İnsanlık tarihi boyunca savaşlar hep yaşanmış, barış ise (gerçekten barıştan söz ediyorum) birkaç yılla sınırlı kalmış. Buna karşın insanlar barış, huzur, demokrasi inancından, beklentisinden hiç geri durmamış. Barış bir gün gerçekten tüm dünyada oluşturulduğunda, muhakkak suç işlenmeyecek, kimse kimseyi öldürmeyecek, birbirini sömürmeyecek.

Adaletin Eli (Red Right Hand) filmi, bu hedefi, arzu edilmemesine rağmen herkesin kendi hukukunu uygulayarak elde edebileceğini gösteriyor. O zaman öyküyü özetleyerek başlamalıyız: Cash (Orlando Bloom), Büyük Kedi’nin (Andie MacDowel) çetesinde suç işleyen elemanlardandır, ama kurtulmak için diyet ödemiş, cezasını çekmiş ve sakin bir yaşama başlamıştır. Cash’in kızkardeşi ölünce, eşi Finney (Scott Haze) bunalıma girer, kurtuluşu alkolde bulur. Kızı Savannah’a (Chapel Oaks) ve Cash’e haber vermeden tefecilikle birlikte uyuşturucu kaçakçılığı da yapan, gaddarlığıyla bilinen Büyük Kedi’den para alır, işleri düzeltmek için. Büyük Kedi, Finney’in arazisine konmak için bu vade filan beklemeden harekete geçer. Tabii, Cash önlerine çıkar. Anlaşmalarına rağmen Büyük Kedi, sözünde durmayacaktır.

Adaletin Eli, iki saate yakın, hiç sıkmadan, alabildiğine akıcı, tipik bir aksiyon filmi. Başından ne olacağını biliyorsunuz, ama neyin hangi zamanda, hangi koşulla, nasıl içinden sıyrılabileceklerinin merakı sizi hiç bırakmıyor.

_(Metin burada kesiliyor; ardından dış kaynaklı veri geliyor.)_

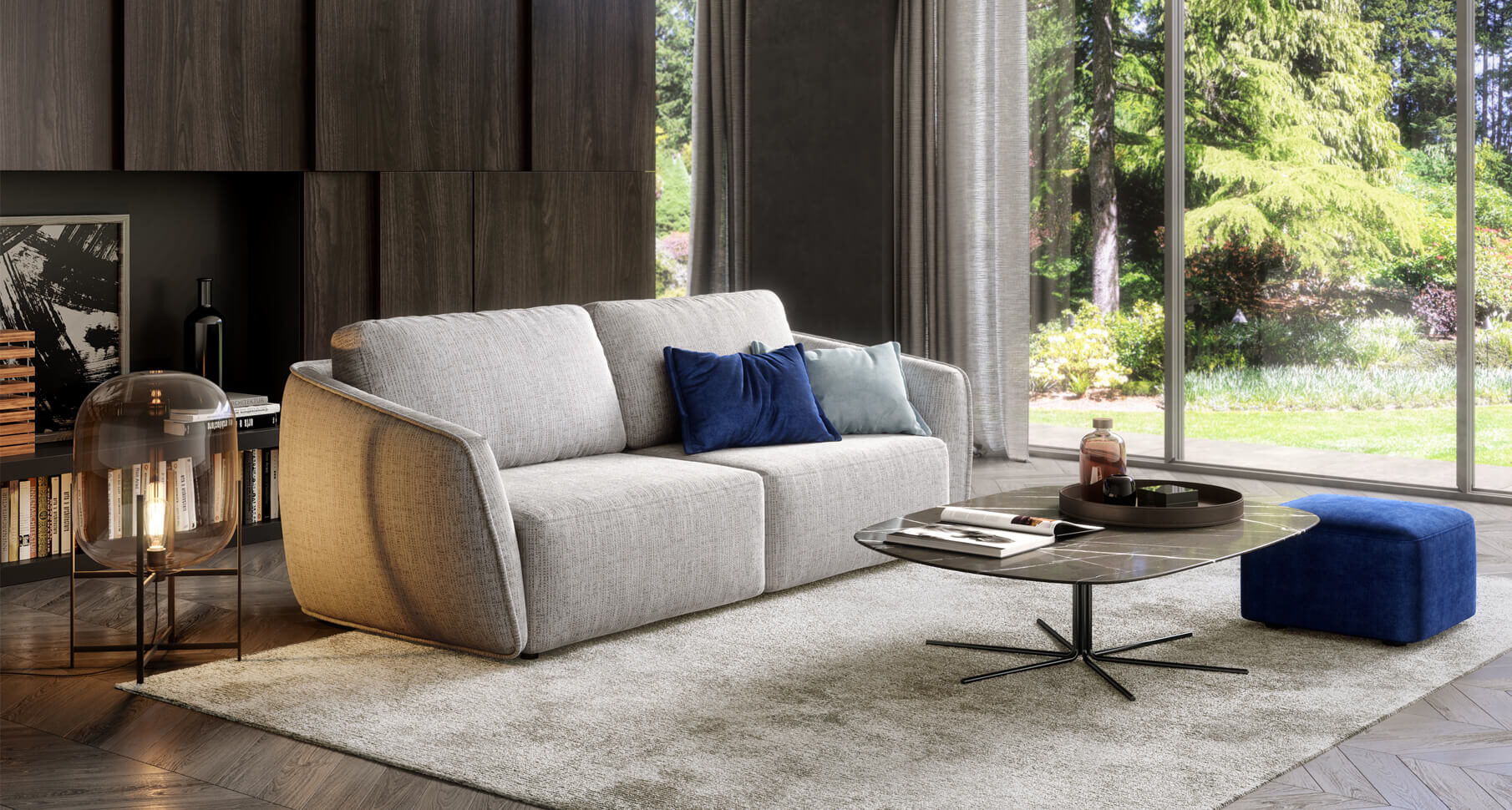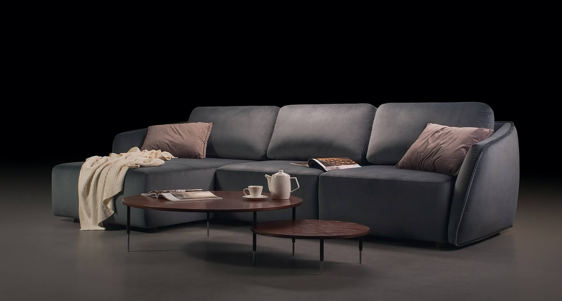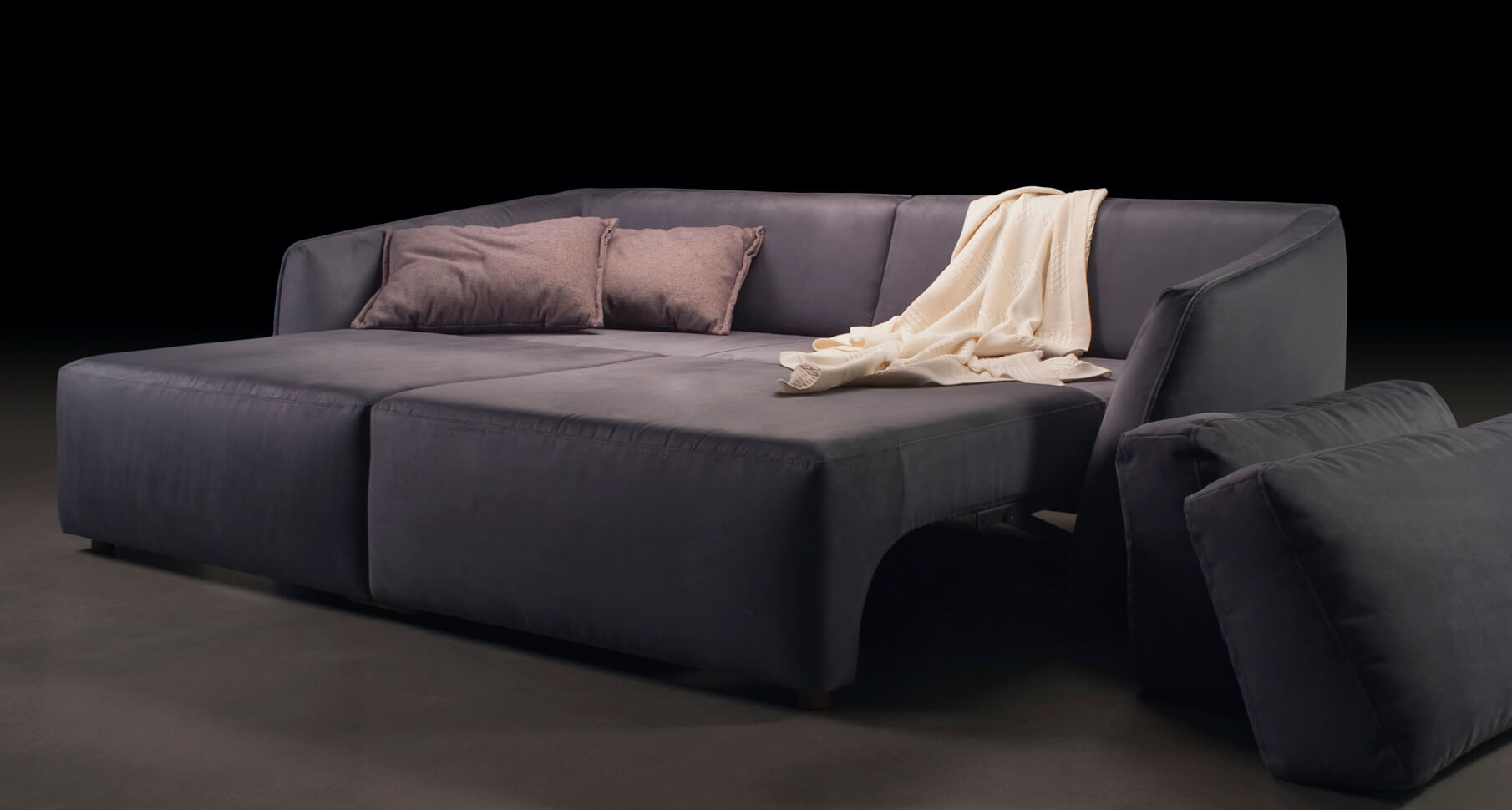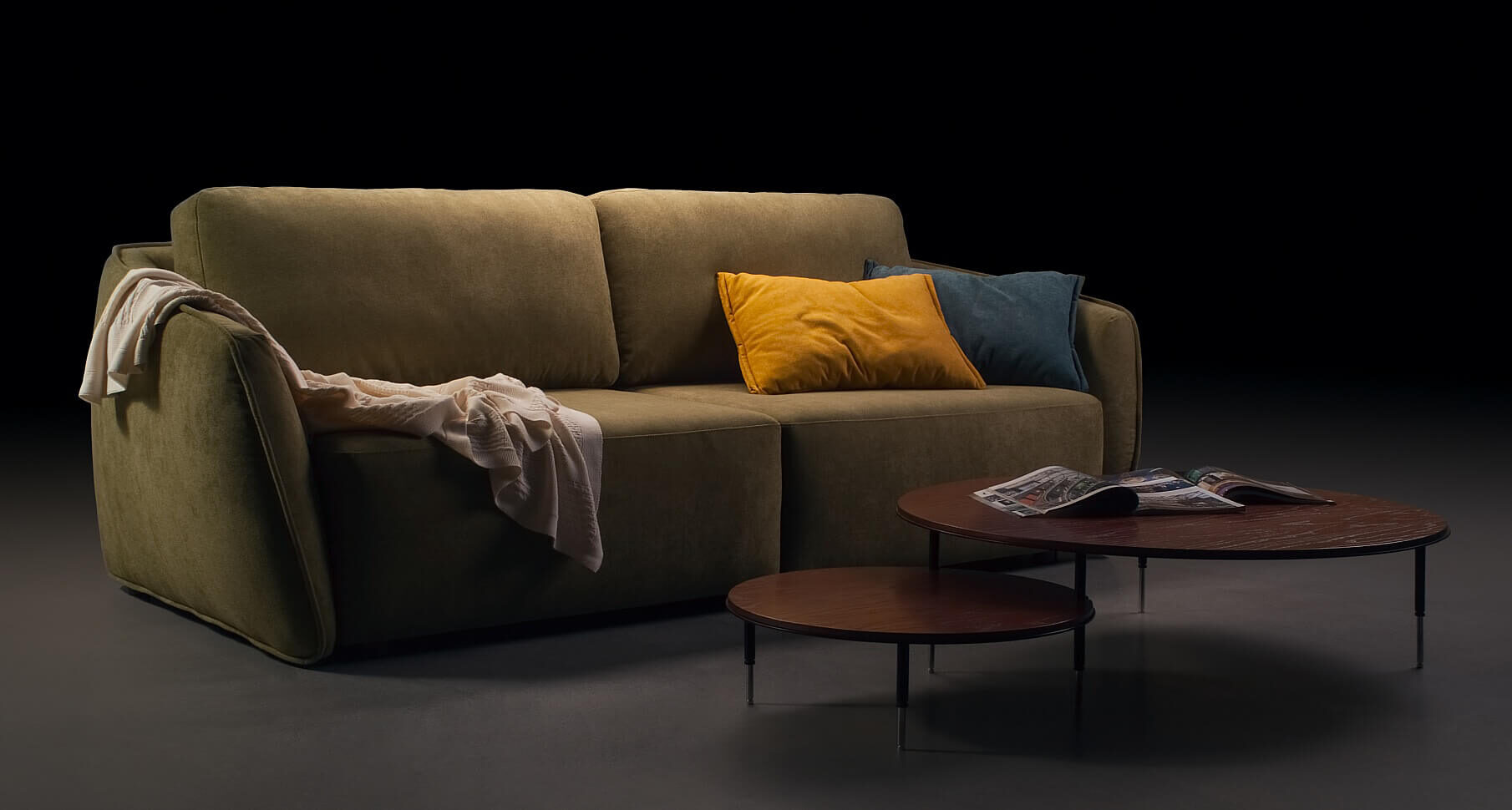 Frumoasa geometrie a liniilor creează o formă rotundă ușor convexă. Prin urmare, este ca un indiciu al unui balon, cu o formă sferică. Aici forma a devenit personajul principal, ca obiectele din picturile lui Picasso. Are un joc ușor, o provocare, o idee. Am încercat să o facem cât mai practică, așa că am inclus mecanismul de extindere Puma. Datorită lui, canapeaua MOON va deveni un spaţiu confortabil de dormit.

Yönetmen Ian Nelms, Eshom Nelms kardeşlerin dini inancın insanın moral desteği olduğunu vurgulayan filmi, aile (birliktelik) üzerine kurulmuş, buna bağlı olarak da intikam amaçlı yaşanması gerektiğinin altını çiziyor… Bulundukları kasabanın kolluk gücüne ve Şerif’e alttan alta bir güven duysalar da bu güvenin boşa çıktığını izliyoruz. Sahi, bizde farklı mı?

15 Mart’tan başlayarak gösterimde…

(12 Mart 2024)

Korkut Akın

korkutakin@gmail.com

*****

Bilmediklerinizi Kendinizde Bulursunuz: Memory

Bir an aklınıza bir şey gelir, ona takılırsınız ve hep aynı konu etrafında dolaşırken bulursunuz kendinizi. Bu, olmuş veya olmamışlıktan öte sizin zihninizde yarattığınız bir dünyanın izdüşümüdür. Ya o sanal duygulara inanırsınız ve hep öyle anarsınız ya da “saçma” olduğunu düşünerek unutmayı tercih edersiniz. Ta ki, hiç beklenmedik bir zamanda yeniden aklınıza takılana kadar… O zaman da olanla düşlenen birbirine karışmıştır artık; hangisi veya nereye kadarı gerçek nereden öncesi veya sonrası düş üzerine düşseniz de bulamazsınız.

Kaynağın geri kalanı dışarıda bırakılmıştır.